We can now progress much further on making an additional assumption concerning the nature of the prime set $\mathcal {P}$. We could consider two possibilities: i) that $\mathcal {P}$ is the set of all primes on an induced subgraph H≺G; or ii) that $\mathcal {P}$ is a cut-off set, e.g. one disposes of all the primes of length ℓ(γ)≤Θ. Remarkably, in number theory, if i) is true then ii) is true as well, and the sieve benefits from the advantages of both situations. In general however, i) and ii) are not compatible and while ii) could be used to obtain direct estimates for the number of primes of any length, a problem of great interest, we can show that this makes the sieve NP-hard to implement. We therefore focus on the first situation.

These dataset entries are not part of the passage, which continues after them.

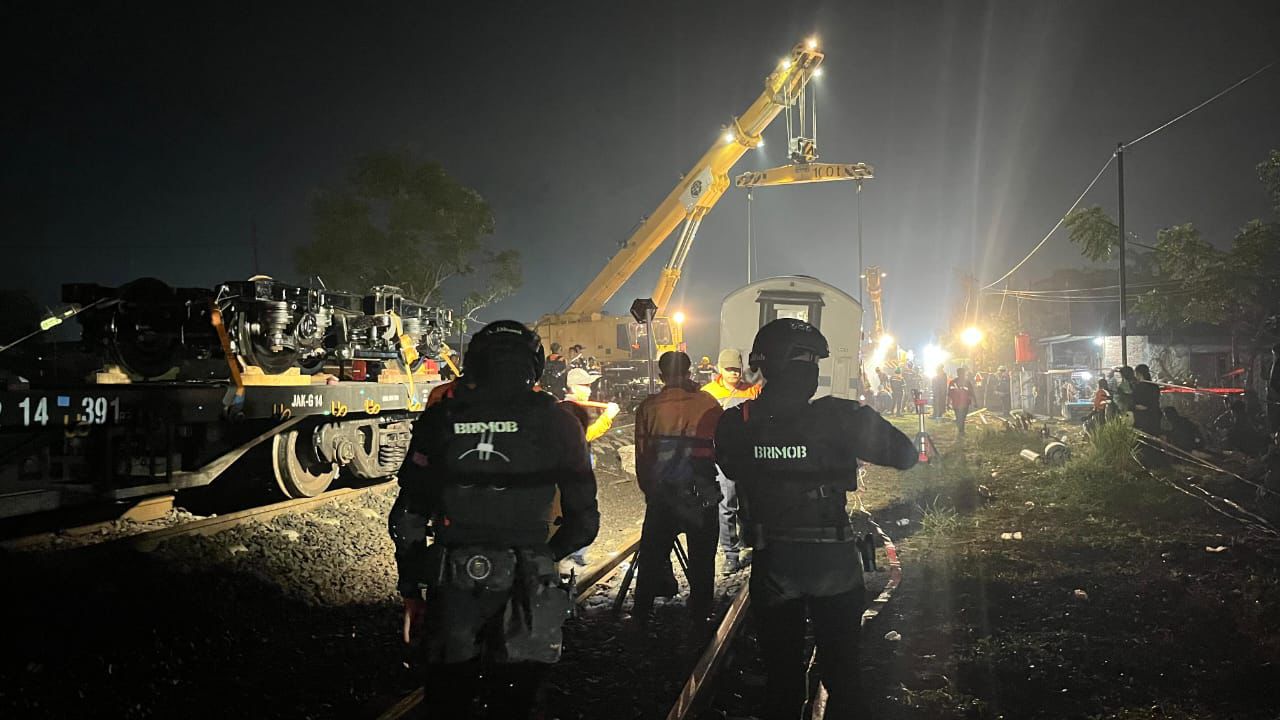 Personel Brimob tiba di lokasi sekitar pukul 20.15 WIB dan langsung berkoordinasi dengan pihak PT Kereta Api Indonesia (KAI), kepolisian setempat, serta instansi terkait lainnya. Mereka kemudian melakukan pengaturan arus lalu lintas di sekitar lintasan yang terdampak akibat dua gerbong bagian belakang kereta yang anjlok.
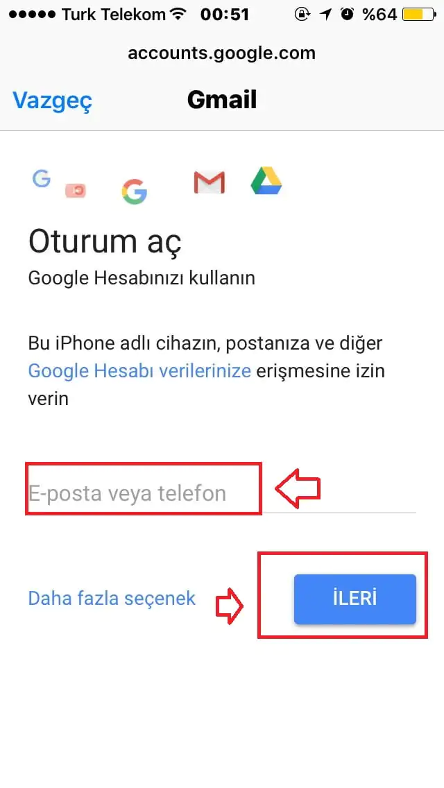 Google E- posta adresinizi (Gmail) girdikten sonra E-posta adresinize ait şifrenizi yazıp, İleri butonuna tıkladıktan sonra Gmail hesabınız iPhone cihazınıza eklenmiş olacak.
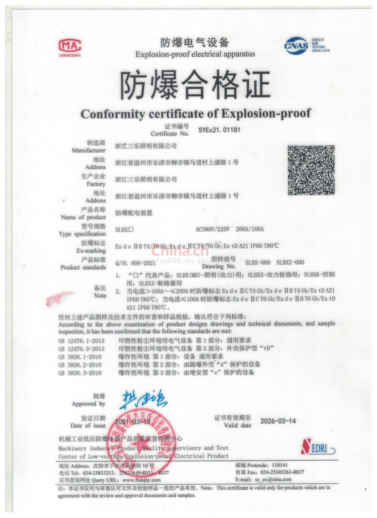 浙江三乐照明有限公司创始于2006年,? 是 研发、生产、销售为一体的公司,公司坐落 位于“中国电器之都”、“中 爆电器生产基地”浙江乐清市柳市镇, 从事煤矿、石油、化工、船舶、铁路、电力等特种照明。防爆电器、固定式防爆照明、固定式 照明、移动式防爆照明、移动式 照明,防爆配件系列产品的研发、制造、销售、和服务的高科技企业。
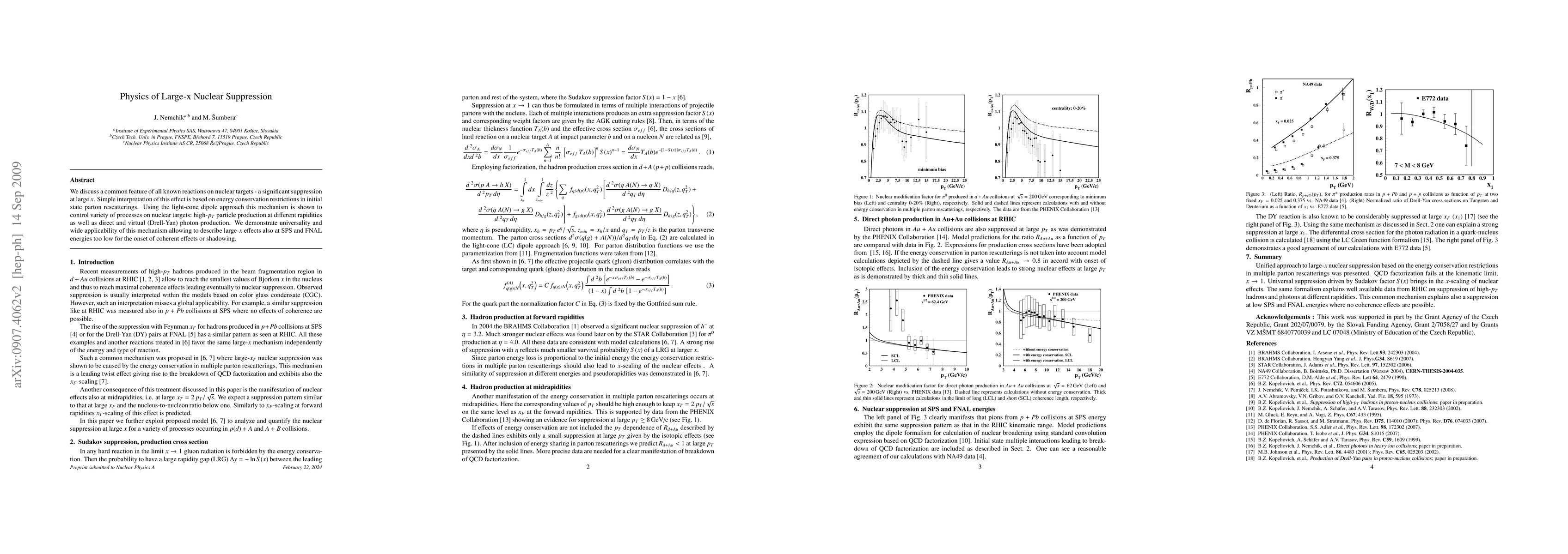 We discuss a common feature of all known reactions on nuclear targets - a significant suppression at large x. Simple interpretation of this effect is based on energy conservation restrictions in initial state parton rescatterings. Using the light-cone dipole approach this mechanism is shown to control variety of processes on nuclear targets: high-pT particle production at different rapidities as well as direct and virtual (Drell-Yan) photon production. We demonstrate universality and wide applicability of this mechanism allowing to describe large-x effects also at SPS and FNAL energies too low for the onset of coherent effects or shadowing.
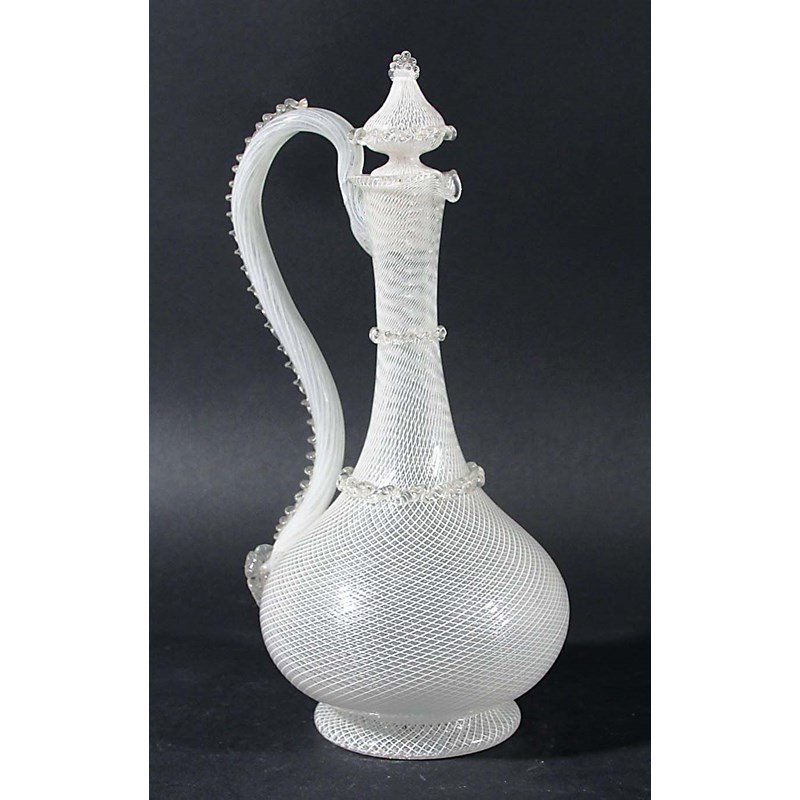 VENETIAN STYLE LATTICINO GLASS EWER AND STOPPER, of globe and shaft form, the body with fine white enamel decoration and clear glass frills, height 26cm

Let H≺G be an induced subgraph of the graph G and let that $\mathcal {P}\equiv \mathcal {P}_{H}$ be the set of all primes (that is simple cycles) on H. Remark that $\sum _{d\in \mathcal {P}_{H}^{s.a}}\mu (d) \lambda ^{-\ell (d)}$ is therefore the sum over all the self-avoiding hikes on H, each with coefficient μ(d)λ^−ℓ(d). It follows (Giscard and Rochet 2017) that $\sum _{d\in \mathcal {P}_{H}^{s.a}}\mu (d) \lambda ^{-\ell (d)}=\det (\mathsf {I}-\lambda ^{-1}\mathsf {A}_{H})$. Concerning the error term,

$$\lambda^{\ell}\sum_{d\in \mathcal{P}_{H}^{\text{s.a.}}} \mu(d) \lambda^{-\ell(d)} \left(f(\ell-\ell(d))-f(\ell)\right), $$

we note that since H is finite,^{Footnote 3} the above sum involves finitely many self-avoiding hikes d. In addition, given that ${\lim }_{\ell \to \infty }f(\ell)$ exists by Lemma 1, ${\lim }_{\ell \to \infty }f(\ell -\ell (d))-f(\ell) =0$ as long as ℓ(d) is finite, which is guaranteed by the finiteness of H. We have consequently established that the error term comprises finitely many terms, each of which vanishes in the ℓ→∞ limit. As a corollary, the first term becomes asymptotically dominant:

$$S(\mathcal{H}_{\ell},\mathcal{P}) \sim |\mathcal{H}_{\ell}|\det\left(\mathsf{I}-\lambda^{-1}\mathsf{A}_{H}\right) ~~\text{as}~~\ell\to\infty. $$

We can make this more explicit on using the ordinary form of the zeta function on hikes ζ(z)=1/ det(I−zA). Then $|\mathcal {H}_{\ell }|=\zeta (z)[\ell ]$ is the coefficient of order ℓ in ζ(z), see also the proof of Lemma 1.

Remark 1.

The error term can be given a determinantal form upon using a finite difference expansion of f or a Taylor series expansion of it if one smoothly extends its domain from $\mathbb {N}$ to $\mathbb {R}$. Writing

$$f(\ell-\ell(d))-f(\ell) = \sum_{k\geq 1} \frac{\nabla^{k}[f](\ell)}{k!}\left(\ell(d)\right)_{(k)}, $$

with $(a)_{(k)}=\prod _{i=0}^{k-1}(a-i)$ the falling factorial and ∇ the backward difference operator. Now we use the properties of the Möbius function on hikes to write $\sum _{d\in \mathcal {P}_{H}^{s.a}}\mu (d)\left (\ell (d)\right)_{(k)} \,z^{\ell (d)}= (\frac {d}{dz})^{k} \det (\mathsf {I}-z\mathsf {A}_{H})$ and finally

$$\begin{array}{*{20}l} S(\mathcal{H}_{\ell},\mathcal{P}) &= |\mathcal{H}_{\ell}|\,\det\!\left(\mathsf{I}-\frac{1}{\lambda}\mathsf{A}_{H}\right)+\lambda^{\ell}\sum_{k\geq 1}\frac{\nabla^{k}[f](\ell)}{k!} \det\!^{(k)}\!\left(\mathsf{I}-\frac{1}{\lambda}\mathsf{A}_{H}\right).\\[-1em] \end{array} $$

Here $\det ^{(k)}\left (\mathsf {I}-\frac {1}{\lambda }\mathsf {A}_{H}\right)$ is a short-hand notation for $\left \{(\frac {d}{dz})^{k} \det (\mathsf {I}-z\mathsf {A}_{H})\right \} \left |{~}_{z=\lambda ^{-1}}\right.$.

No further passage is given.